The Ritchey Break Away is a lot less expensive if you're looking at buying a new travel frame anyway. The Ritchey price includes carrying case, so it is quite a bargain. Just adding S&S couplers to an existing frame and buying a case to hold it all could cost more money. If you're adding S&S to a new frame it would probably cost you twice as much as the Ritchey.


----------



## Pablo (Jul 7, 2004)

I'm stil in the planning stage, but here's what I was considering. I have a "race" bike and a fixie that I use to commute/winter training. I'd also like to have a travel bike. I thought that maybe I could replace my fixie with a versitile custom travel frame. 

I'm looking at a Curtlo custom frame and it's about $200 more for the Ritchey and about $400 more for the S and S. I'm curious whether the S and S is a lot better as it's more expensive.


----------



## PdxMark (Feb 3, 2004)

We have a pair of Ritchey Break-aways and have traveled with them a couple times. They travel very well, ride very well, and assemble/disassemble pretty easily. I recommend them highly. They were also quite affordable because they came with Ultegra 9sp parts. I think they are great travel bikes.

I haven't used the S&S system. I have friends with S&S bikes, and they like them quite well too. My sense is that both systems work very well for securely assembling a bike and for breaking-down with comparable ease. 

The main distinctions I see between an off-the-rack Ritchey and a custom S&S are convenience and cost. Our Ritcheys are not our main road bikes (although they could be), so it's easy for us to leave them packed and ready to go with minimal preparation. They are clean and in good shape whenever we are ready to go. Friends whose main custom rides are S&S bikes have one bike to ride or prepare for a trip. There is also just one bike if the travel bike goes missing or is damaged. 

Their bikes are much nicer than our Ritcheys, but I'm not sure the difference is great enough for the not-hardcore travel trips we tend to do. Also, the concern over losing or damaging a $1100 Ritchey travel frame over a $4000 Serotta Ti dream frame is pretty different.
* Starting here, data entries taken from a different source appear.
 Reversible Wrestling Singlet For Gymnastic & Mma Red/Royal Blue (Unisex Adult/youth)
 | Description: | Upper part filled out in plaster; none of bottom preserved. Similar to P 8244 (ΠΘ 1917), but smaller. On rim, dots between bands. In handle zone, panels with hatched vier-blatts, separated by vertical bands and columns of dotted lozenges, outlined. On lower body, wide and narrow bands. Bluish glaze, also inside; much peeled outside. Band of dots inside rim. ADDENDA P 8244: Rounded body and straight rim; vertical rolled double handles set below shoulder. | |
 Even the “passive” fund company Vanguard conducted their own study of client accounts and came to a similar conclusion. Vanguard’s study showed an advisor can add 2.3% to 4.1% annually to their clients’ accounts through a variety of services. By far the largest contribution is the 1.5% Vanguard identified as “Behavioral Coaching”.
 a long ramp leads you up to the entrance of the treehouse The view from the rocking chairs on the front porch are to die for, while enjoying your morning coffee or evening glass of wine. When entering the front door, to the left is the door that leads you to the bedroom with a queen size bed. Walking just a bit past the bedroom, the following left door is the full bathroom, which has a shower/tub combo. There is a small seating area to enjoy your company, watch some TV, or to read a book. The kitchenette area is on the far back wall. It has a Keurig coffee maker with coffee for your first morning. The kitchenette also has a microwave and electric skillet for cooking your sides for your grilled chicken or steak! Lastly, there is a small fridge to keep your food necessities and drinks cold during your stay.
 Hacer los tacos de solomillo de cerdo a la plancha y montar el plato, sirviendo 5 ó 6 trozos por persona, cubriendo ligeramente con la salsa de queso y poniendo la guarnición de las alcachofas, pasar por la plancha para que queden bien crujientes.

To do a very hard overseas ride, like PBP, I'm not sure what bike I would take or use. Maybe the fitted dream travel bike would be best.
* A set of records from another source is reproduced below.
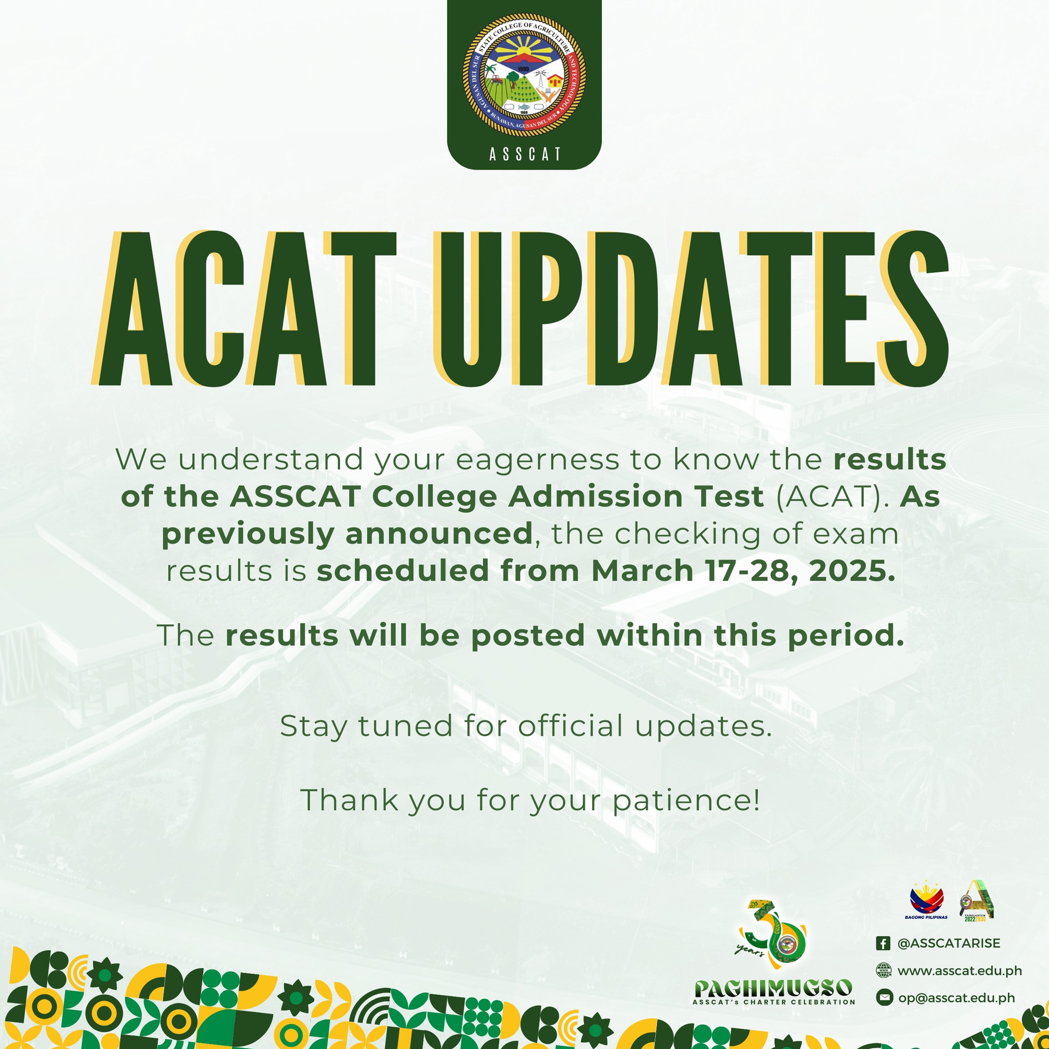 We understand your eagerness to know the results of the ASSCAT College Admission Test (ACAT). As previously announced, the checking of exam results is scheduled from March 17-28, 2025.  The results will be posted within this period. For student-related concerns, you can …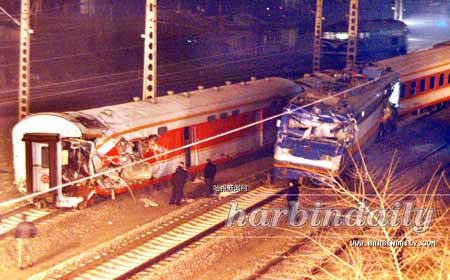 昨日22时30分许,哈尔滨市乡政跨线桥下一列由佳木斯开往北京的K340次旅客列车与一辆火车头相撞,事故造成至少3人受伤。目前伤者正在二一一医院抢救,其余旅客被安全疏散。事故造成该段铁路暂时中断。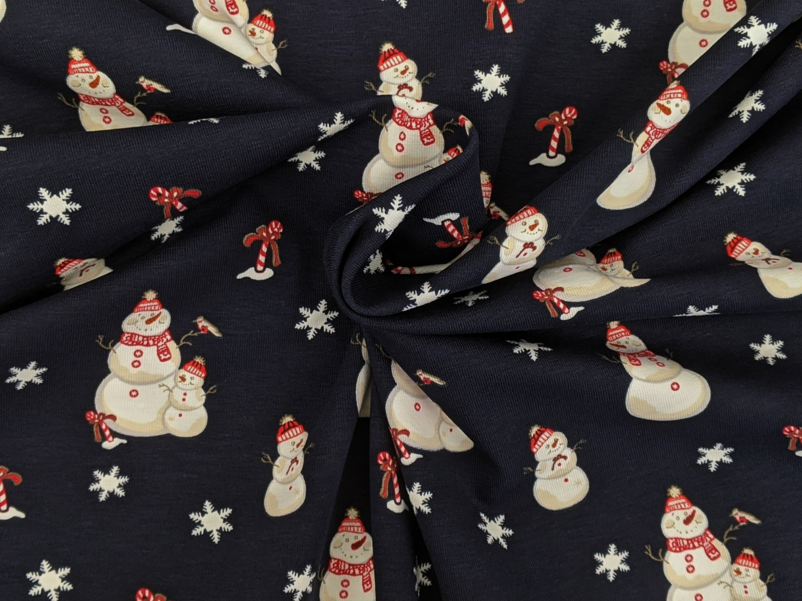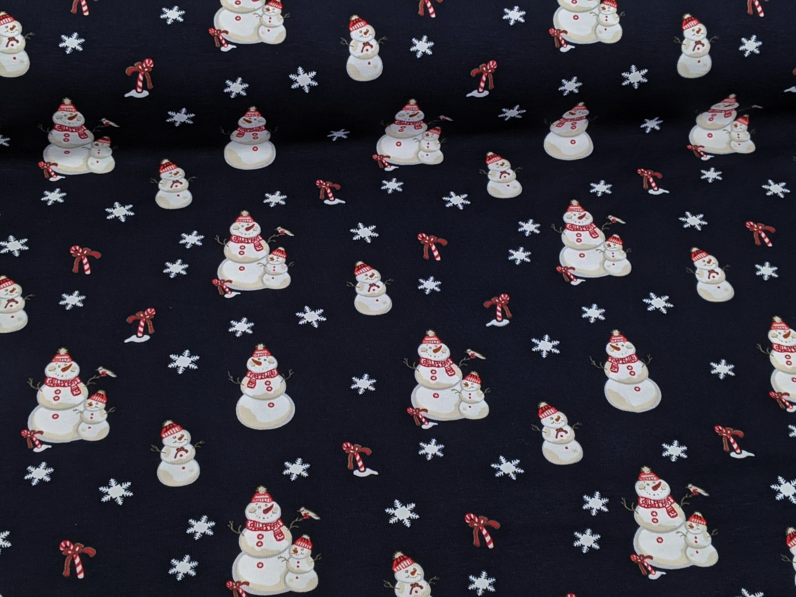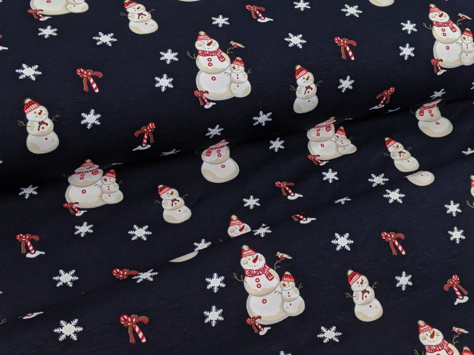 Baumwolljersey Familie Schneemann Schneeflocken Nachtblau

If I were to have only one bike, I would lean toward getting one with couplers. I wouldn't much care between S&S and Ritchey. With more than one bike, I like having a travel bike that is on the more affordable side of the spectrum in view of the potential for damage to and loss of a bike while traveling. After all, each trip is a whole new adventure and risk for damage or loss.


----------



## TurboTurtle (Feb 4, 2004)

Is the Ritchey case actually within the size specs of the airlines? - TF


----------



## djconnel (May 7, 2006)

No, but I've not yet heard of anyone being billed for it.
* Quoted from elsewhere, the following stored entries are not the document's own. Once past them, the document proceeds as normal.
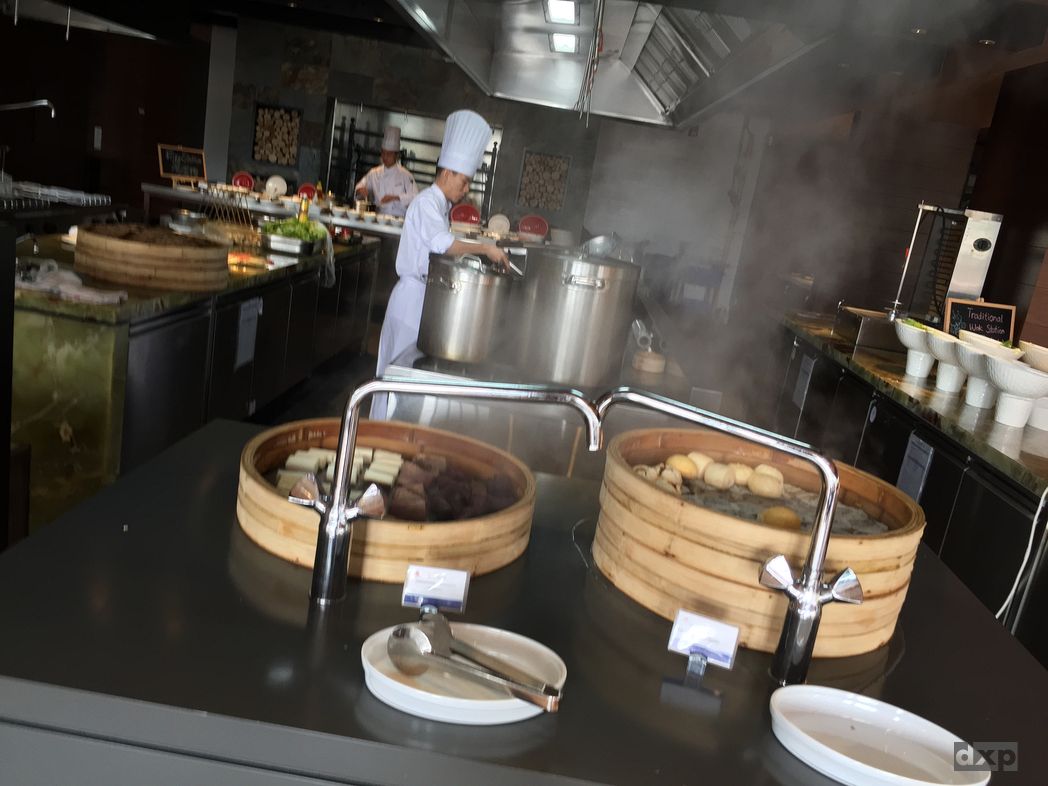 Weltmeisterlich wird der Frühstücksteller mit Leckereien beladen, durchaus höher als der Teller an Durchmesser hat. Dumpling, Nudeln, Obst, Reis, Kuchen, Ei, Waffeln und noch eine Kugel Eis oben drauf. Ja, das geht. Eine bestimmte Reihenfolge des Stapelns scheint dabei eher nebensächlich zu sein. Ich will das nicht verurteilen, vielleicht liegt es ja in der Chinesischen Kultur, Historie oder Etikette verborgen, dass man nur einmal Buffet was holt? Und auch im Restaurant werden ja die Speisen in nicht vorbestimmter Reihenfolge aufgetragen werden. Bezüglich Essen gibt es noch viel zu lernen für mich.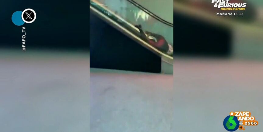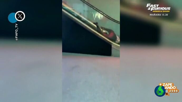 Dani Mateo muestra a sus compañeros de Zapeando el divertido vídeo viral de una mujer que se enfrenta, como dice el presentador, a una "lucha a muerte contra una escalera mecánica en la estación de autobuses de Detroit".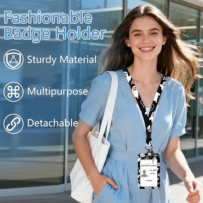 - 【Unique Design】Cute Halloween badge lanyard is with its special design:Ghost pattern.Leave behind the simple,stereotypical card clips and upgrade to our fashionable and fun card holder that,will add a pop of vivid colors to your cards and keys, breathing new life into your daily routine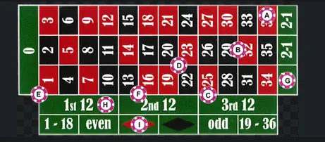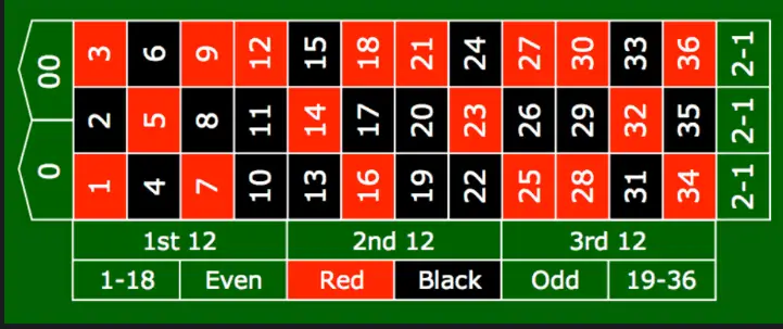 标准的 轮盘游戏 由 1 至 36 的数字组成,并搭配绿色的 0(部分版本包含 00)。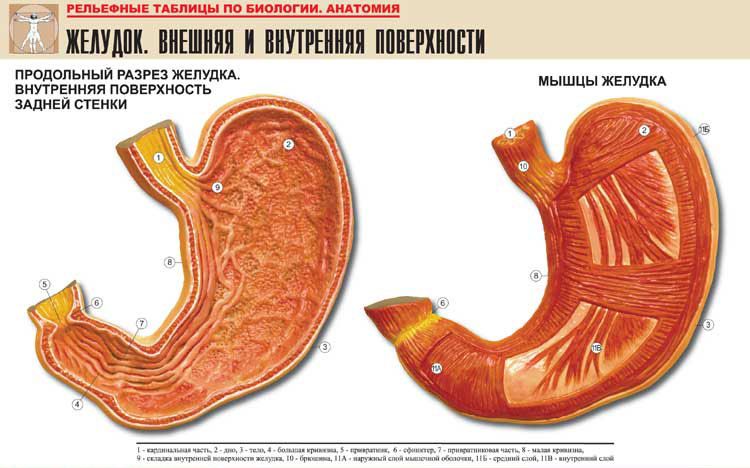 Рельефная таблица Желудок. Внешняя и внутренняя поверхности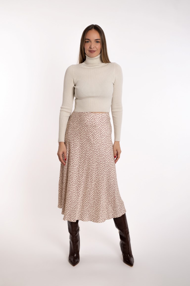 Satenska bež suknja sa bordo točkicama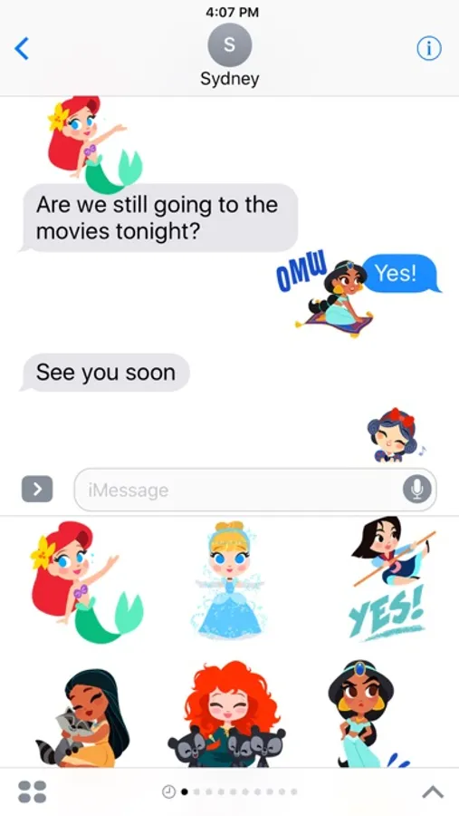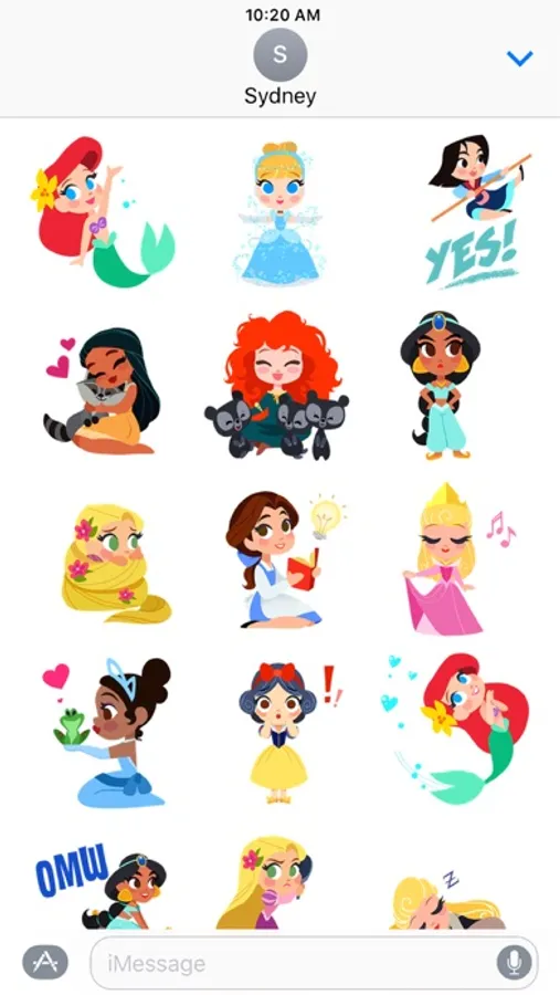 Add big dreams to your iMessages with this Princess sticker pack that includes iconic characters like Ariel, Rapunzel, and Mulan.

I love my steel Ritchey. I got the frame only, fitting it out with SRAM Rival I got from my LBS, using wheels I already had. All said, around $2k with the Deluxe case. The 52cm bike, complete with my relatively heavy Powertap wheel, is a touch under 18 lb, including steel bottle cages, only 1 lb heavier than my Al Fuji "race bike". And the steel has a good feel on rough roads, clearly better than the Fuji. The relatively steep Ritchey seat tube works well for me.

Dan


----------



## Mel Erickson (Feb 3, 2004)

I've never ridden a Ritchey Breakaway but I have an '89 Schwinn Circuit that's been retrofitted with S&S couplers. My total investment is $610 including the bike (used from the LBS), installed couplers, powdercoat, miscellaneous fittings and a corrugated plastic travel box. I am very happy with the bike. In fact, it's the best rider I've got. I loved the Shimano Sante components so I didn't change a thing. Didn't even have to change the saddle, a Selle San Marco Concor, because it fit me very well. The bike was in almost perfect shape when I bought it and I cringed when the coupler installation meant I would have to get it refinished but the powdercoat came out virtually the same color as the original and I am very happy with it. It's 7spd but the downtube shifters work so nicely that I like it better than any brifters I've used (Shimano and Campy, 8,9 and 10spd). The Circuit was the poor mans Paramount. Same frame design and made from Columbus SL. The Sante components were a small step down from Dura Ace but above 600 (Ultegra of it's day). The components are pearl white and the frame lipstick red. It rides like a Paramount, that is, very nicely, thank you. Can't tell the difference from a non-coupled frame.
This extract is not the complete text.